Because the FDA hasn't approved IV ketamine for depression, most insurance doesn’t cover it. The cost of an infusion can vary widely and is typically paid out of pocket. A full treatment course can be several thousand dollars.

“Some patients and some practitioners prefer the IV administration to the intranasal administration. But there are not compelling data to conclude that one is superior to the other or to predict who would benefit from one versus the other,” Krystal says.

Some people may not keep up with their treatments, especially if they can’t afford it or if their insurance doesn’t cover it. Stewart follows up with all of his patients throughout their series or if they stop ketamine therapy. “If they are unable to continue therapy, they are directed to other local resources,” he says.

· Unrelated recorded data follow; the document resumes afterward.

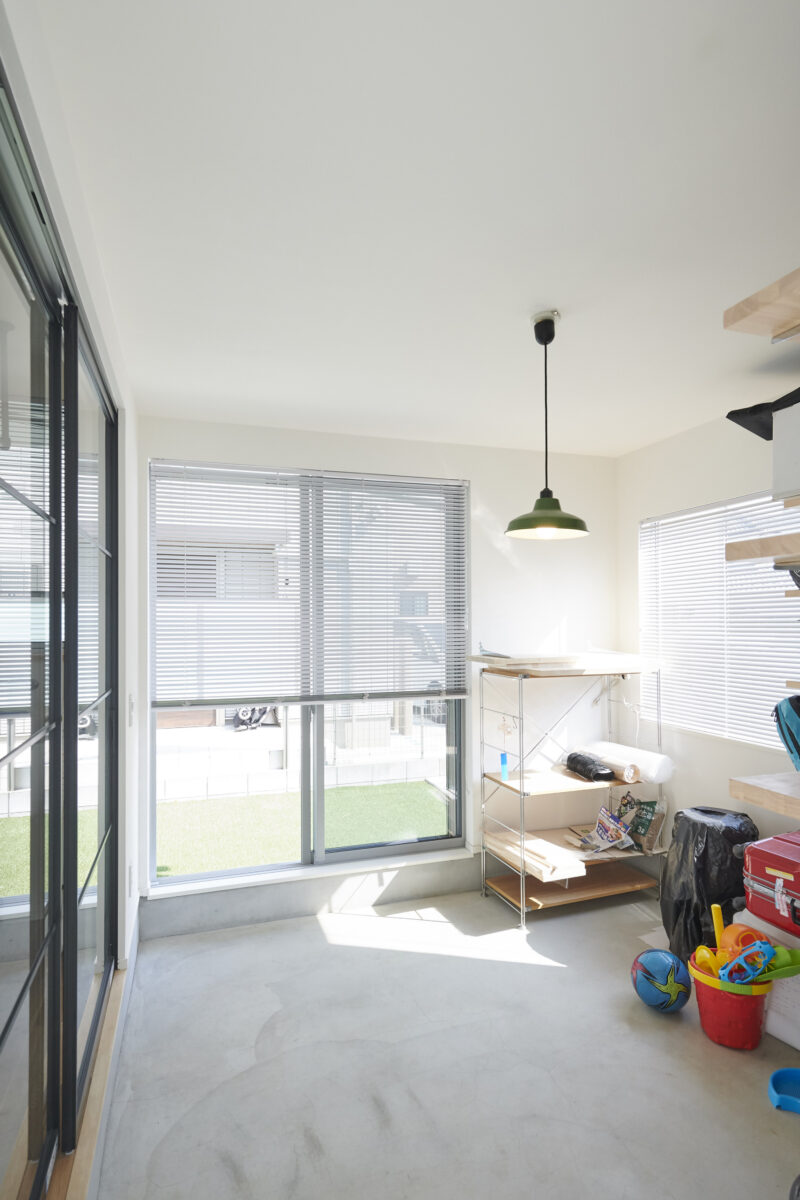 プライバシーに配慮し、幹線道路に対しては閉じた家となっています。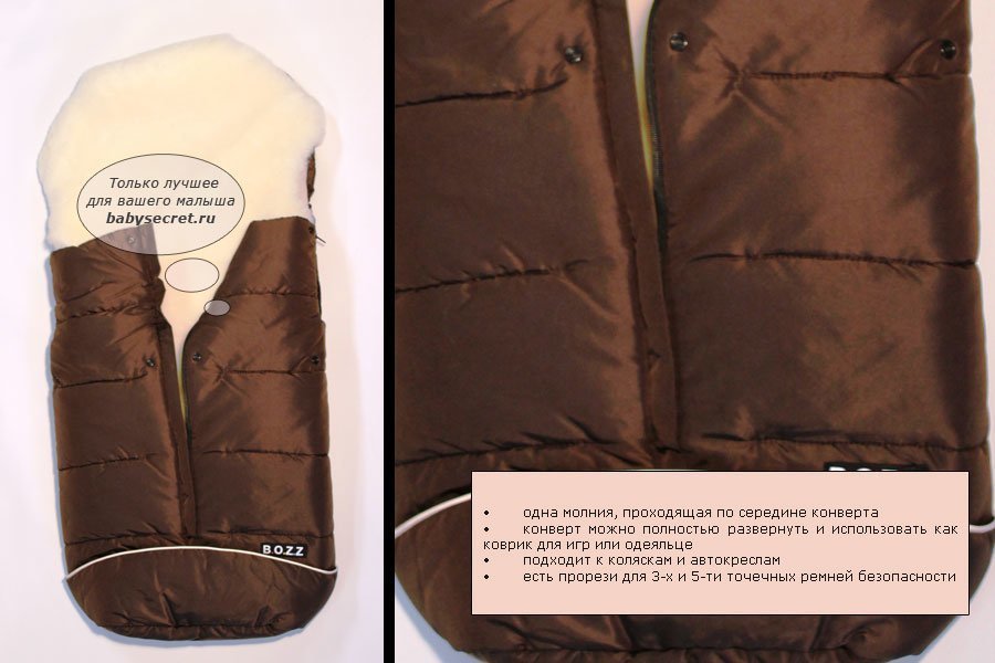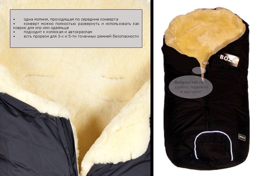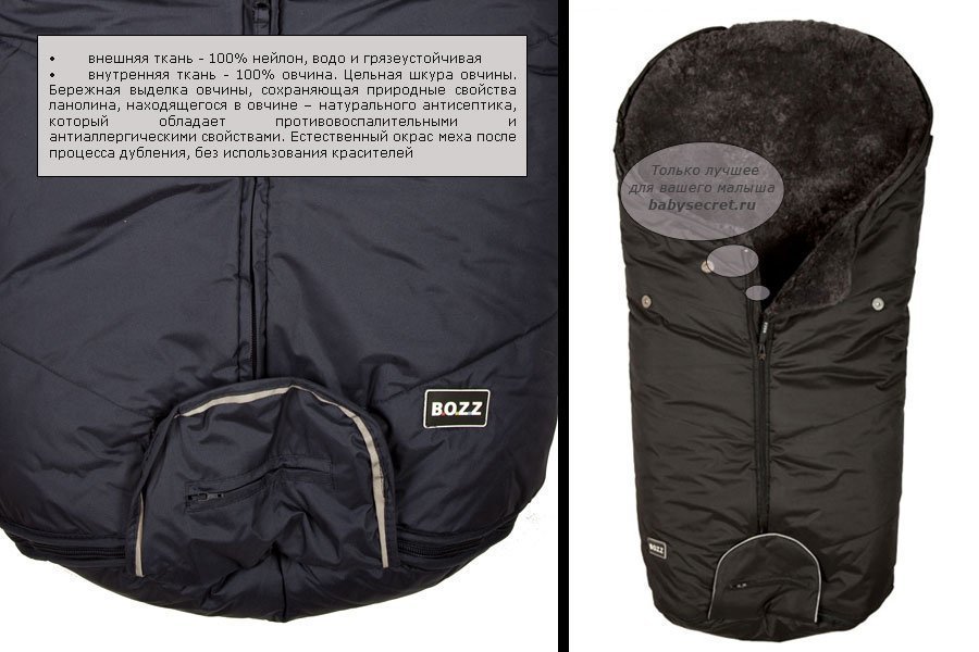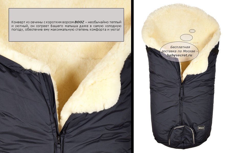 Приятные особенности: Конверт из овчины с коротким ворсом BOZZ необычайно теплый и уютный, он согреет Вашего малыша даже в самую холодную погоду, обеспечив ему максимальную степень комфорта и уюта! Внутренняя сторона конверта выполнена из овчины с коротким ворсом. Удобная застежка-молния позволяет полностью расстегивать конверт, облегчая тем самым процесс одевания его на ребенка. Конверт из овчины BOZZ– лучший выбор всех современных родителей.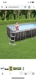 Piscina Ester bestway con pompa con filtro a sabbia perfettamente funzionante, la struttura misura4.12 x 201x122 , presenta un microforo riparato con toppa in dotazione che risolto la perdita, inclusa scaletta, skimmer esterno incluso, vendiamo per passaggio a struttura più ampia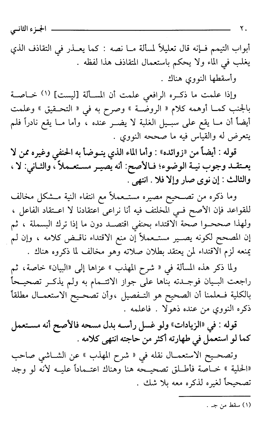 ولما ذكر هذه المسألة في "شرح المهذب" عزاها إلى "البيان" خاصة، ثم راجعت البيان فوجدته بناها على جواز الائتمام به ولم يذكر تصحيحًا بالكلية فعلمنا أن الصحيح هو التفصيل، وأن تصحيح الاستعمال مطلقًا ذكره النووي من عنده ذهولا. فاعلمه.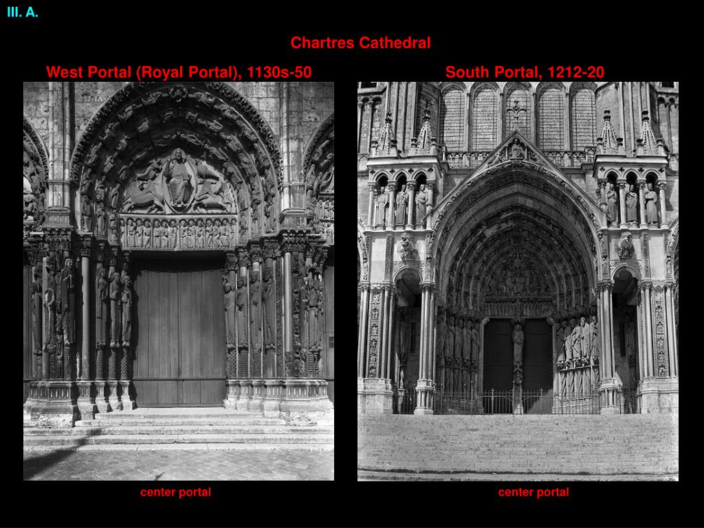 III. A. Chartres Cathedral West Portal (Royal Portal), 1130s-50 South Portal, 1212-20 center portal center portal

Coulter-Scott continues to get routine booster ketamine infusions and also takes antidepressants and talks to a therapist.

Winograd kept up with ketamine treatment for three years. He got about 30 infusions during that time. But he’s since stopped.

“I am relatively healthy these days, mentally, so the need for ketamine is less, but I still believe I would benefit from it,” says Winograd, who has now gotten back to his life as a self-described jack of many trades. He has a film and video company, works as a freelance web designer, and runs a ballroom with his wife. The ketamine treatment had become too costly and harder to access. He still sees a therapist once a week and takes antidepressants. And he credits ketamine with making those treatments work better.

“Conventional antidepressants continue to do a good job for me, and I only took those because of ketamine. I never would’ve had the space, the mental clarity, to know that that would be a positive thing, because I pushed against it my whole life.” 

Likewise, before ketamine treatment, Winograd says he only went to therapy because his family begged him to go. “After I started to feel better,” Winograd says, “my therapist started to make more sense.”